EXERCISE
The answer must consist solely of the lines below starting at the one containing "学校 通勤や通学にも 12b15161082505" and ending at the one containing "The mainsail is", repeated exactly, with both ends included and all pictures omitted.

AVAILABLE DATA
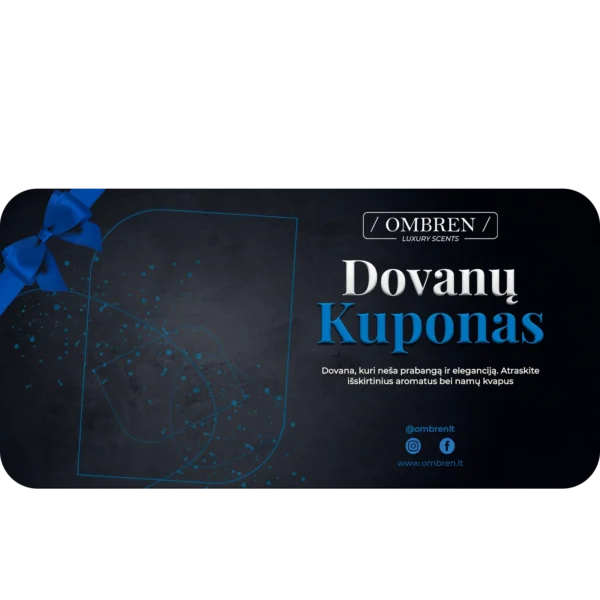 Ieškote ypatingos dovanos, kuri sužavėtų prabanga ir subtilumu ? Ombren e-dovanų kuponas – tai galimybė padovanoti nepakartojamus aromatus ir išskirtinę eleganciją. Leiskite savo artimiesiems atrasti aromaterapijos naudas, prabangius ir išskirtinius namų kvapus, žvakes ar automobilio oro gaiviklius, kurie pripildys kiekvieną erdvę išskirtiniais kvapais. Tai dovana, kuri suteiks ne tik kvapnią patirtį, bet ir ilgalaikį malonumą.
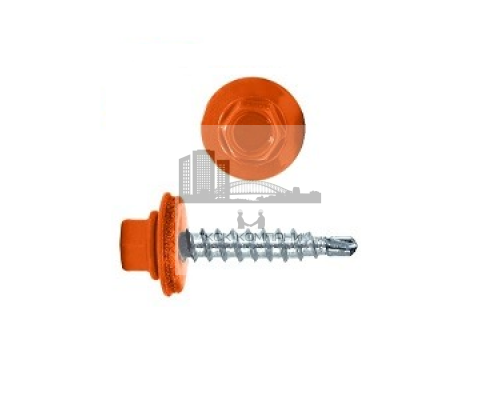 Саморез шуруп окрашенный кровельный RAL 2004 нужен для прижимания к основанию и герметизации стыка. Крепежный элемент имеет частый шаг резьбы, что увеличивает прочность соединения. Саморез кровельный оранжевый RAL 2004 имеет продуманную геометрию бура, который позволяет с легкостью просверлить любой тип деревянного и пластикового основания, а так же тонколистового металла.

...

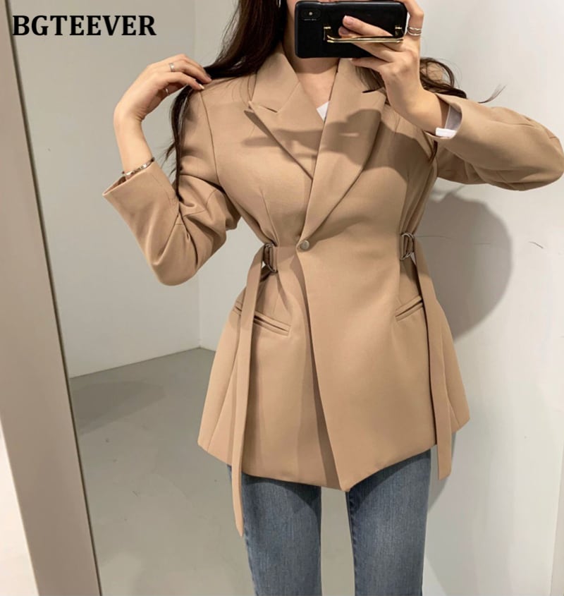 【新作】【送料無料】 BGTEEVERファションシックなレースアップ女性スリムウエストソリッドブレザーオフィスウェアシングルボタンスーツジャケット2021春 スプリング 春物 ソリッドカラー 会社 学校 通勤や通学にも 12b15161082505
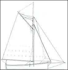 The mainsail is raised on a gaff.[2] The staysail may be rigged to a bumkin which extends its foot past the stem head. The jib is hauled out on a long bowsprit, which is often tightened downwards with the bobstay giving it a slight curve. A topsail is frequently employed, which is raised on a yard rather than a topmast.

RESPONSE AREA
 【新作】【送料無料】 BGTEEVERファションシックなレースアップ女性スリムウエストソリッドブレザーオフィスウェアシングルボタンスーツジャケット2021春 スプリング 春物 ソリッドカラー 会社 学校 通勤や通学にも 12b15161082505
 The mainsail is raised on a gaff.[2] The staysail may be rigged to a bumkin which extends its foot past the stem head. The jib is hauled out on a long bowsprit, which is often tightened downwards with the bobstay giving it a slight curve. A topsail is frequently employed, which is raised on a yard rather than a topmast.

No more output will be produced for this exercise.